Eye For Film >> Movies >> Return Of The Poet (2006) Film Review
Return Of The Poet
Reviewed by: Max Blinkhorn
As I sat in the cinema, watching this film on the big screen, I swear I could smell and taste the scenes I was seeing. I caught myself with these feelings several times and that's a measure of the film's sensual quality - it's classic art and social documentary.
Return Of Yhe Poet starts in a cemetery. On an old but well-tended gravestone is the image of a man, dashing but with a soft face. This image is what Harutyun Kachatryan's camera is interested in. The words on the grave are written in the Cyrillic alphabet, for this is Armenia, where Islam and Christianity meet, and this grave is the final resting place of Ashugh Jivani, the nation's poet.
Men's and children's choirs sing Jivani's lyrical poems, poems that are clearly ingrained in their psyche. There is almost no scripted dialogue - the pictures speak that universal language of film.
The scene switches to a quiet room, with tools and materials - a studio. Clay is worked skilfully, folded in on itself, kneaded, like bread. The sculptor, his face whiskered and crevassed, is not named, I guess to keep the focus on Jivani. The sculptor and his assistant work quietly, chopping, shaping, shaving the clay. The detailed maquette is completed. It is the figure of the man in the picture on the grave. A cover is laid over the figure and when it is removed, the statue has a fine finish to it - damp clay with a sheen.
Then there are huge explosions in a quarry. Everything is on a giant scale. The dust dies down and tiny people and trucks skitter across the off-planet landscape.

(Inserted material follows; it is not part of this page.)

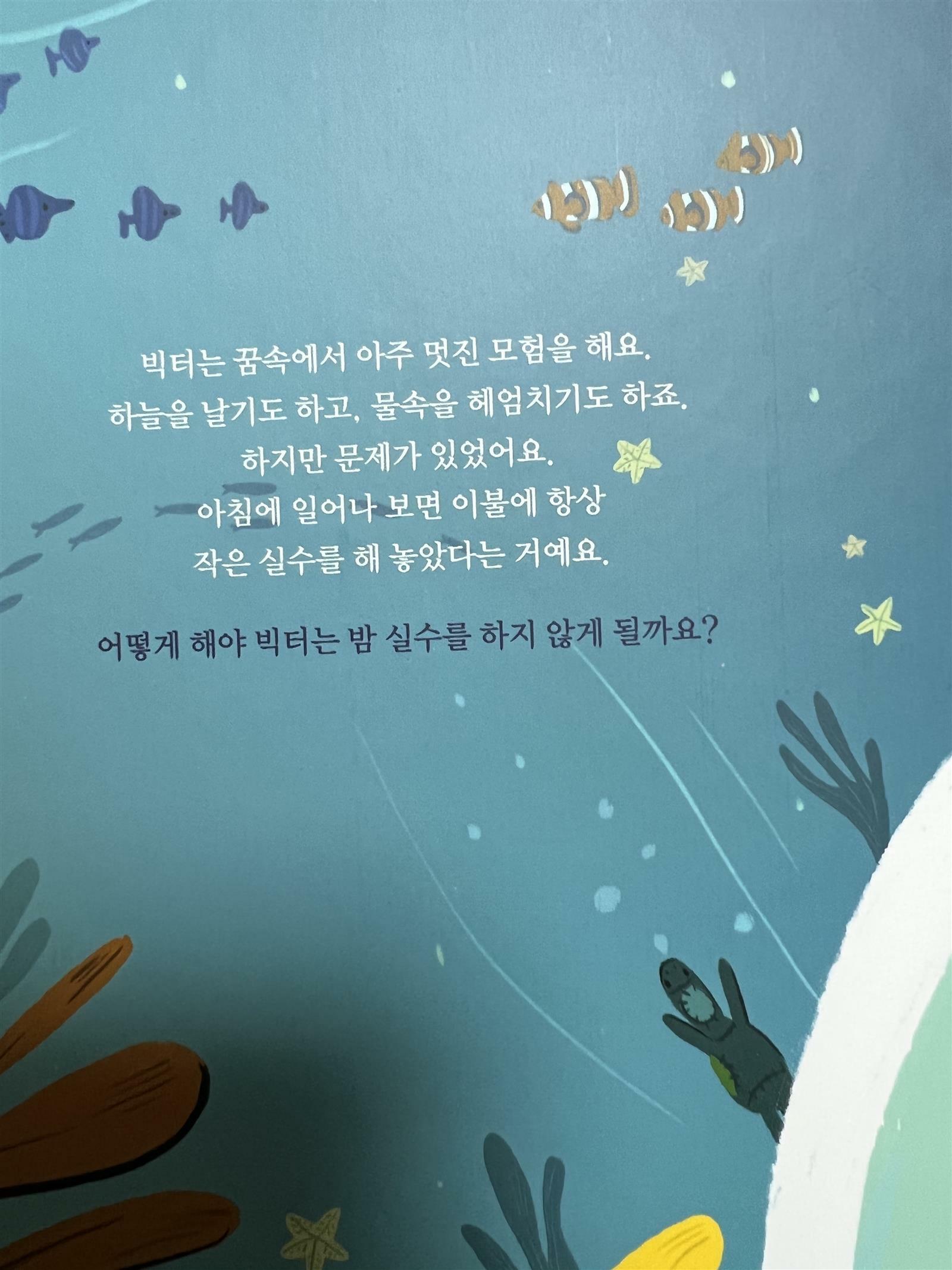 '밤에 한 작은 실수' 그림책을 보았습니다. 작은 실수와 밤이라는 시간을 보고 힌트를 얻을 수 있을 것 같아요. 작은 실수는 어떤 것일까요? 저희 집 아이도 이런 실수를 자주 합니다. 그럴때 어떻게 대처해야 하는지 사실 부모로서도 난감하지요. 이 그림책은 아이와 부모에게 같은 방향으로서 대처법을 제시해 주고 있습니다. 자연스럽게 잠을 자고 꿈을 꾸는 빅터의 모습을 통해 작은 실수도 어쩌면 자연스러운 과정이라는 것을 말해주는 것 같아요. 아이가 커가는 과정의 한 부분으로 작은 실수는 어떻게 대처하는지가 중요한 것 같습니다. 빅터의 다양한 꿈을 자세히 묘사해주는 책입니다. 책을 읽으며 빅터처럼 실수하는 아이들은 큰 공감을 할 것 같아요. 꿈이라는 세상은 아이의 희망과 모험이기도 하지만 우리의 무의식을 나타내주기에 오줌이 마려운 상황을 알려주기도 합니다. 하지만 아직 어린아이는 꿈의 메시지를 알아채기는 어렵지요. 그저 해맑게 꿈에서 영웅이 되는 것이 좋을 것 같습니다. 그게 바로 어린아이이기도 하지요. 자꾸 실수하는 빅터는 작아지기만 합니다. 하지만 빅터의 엄마는 빅터에게 혼을 내거나 나무라지 않습니다. 빅터에게 어떻게 대처해야 하는지를 알려줍니다. 다음부터 빅터는 임무를 수행하듯이 자신의 실수를 제대로 처리합니다. 세탁기에 직접 이불과 옷을 넣고 다시 제자리로 오는 것이지요. 이러한 대처법을 보고 조금 놀랐습니다. 솔직히 생각해보지 못했기 때문이죠. 하지만 빅터는 자신의 실수를 직접 해결하고 꿈도 조금 바뀌기 시작하면서 점차 성장하게 됩니다. 어느날 눈을 떳을 때 보송보송한 자신의 이불을 느끼며 빅터는 어떤 생각을 했을까요? 밤에 한 작은 실수를 멋지게 표현해주는 그림책 인 것 같습니다. 아이들과 읽어보며 공감하고 대처하는 방법을 배우기에 좋은 것 같아 추천합니다. 출판사로부터 도서를 제공받아 직접 읽고 작성한 리뷰입니다. #책세상 #맘수다 #책세상맘수다카페 #밤에한작은실수 #풀빛

A man scrambles across a colossal field of colossal boulders. It is our sculptor, selecting his raw materials. The process of creating the sculpture is intense and absorbing. A process of weeks is reduced to minutes and the face of Jivani, eyes half shut in contemplation, forms in the midst of dust and noise. The finished statue is hoisted onto a trailer hitched to the back of a lorry with ramshackle cranes and equipment. It seems at some points that it will fall, simply because of the impatience of the engineers, but eventually it is secured.
The journey begins and as the film and statue roll, we see Armenia, a land freed from Soviet rule and not under the eye of Washington. It's clear the people are leaning back to their older ways. Orthodox Christianity is renewing its grasp on the people of the area as churches are restored and stonemasons find themselves in high demand. This is the Old World, timeless and apparently unchanging.
This film reveals so much to us - the lack of secular influences, the dominance of the church, the passion of the faithful, the strength of their young people. The skill of the sculptor is laid bare but it is the statue's journey across the Armenian landscape that is of greatest significance. Here in the West we have it easy; there, in the East, life is tough and evolution operates by happenstance and attrition and you can see all that by going to see this film.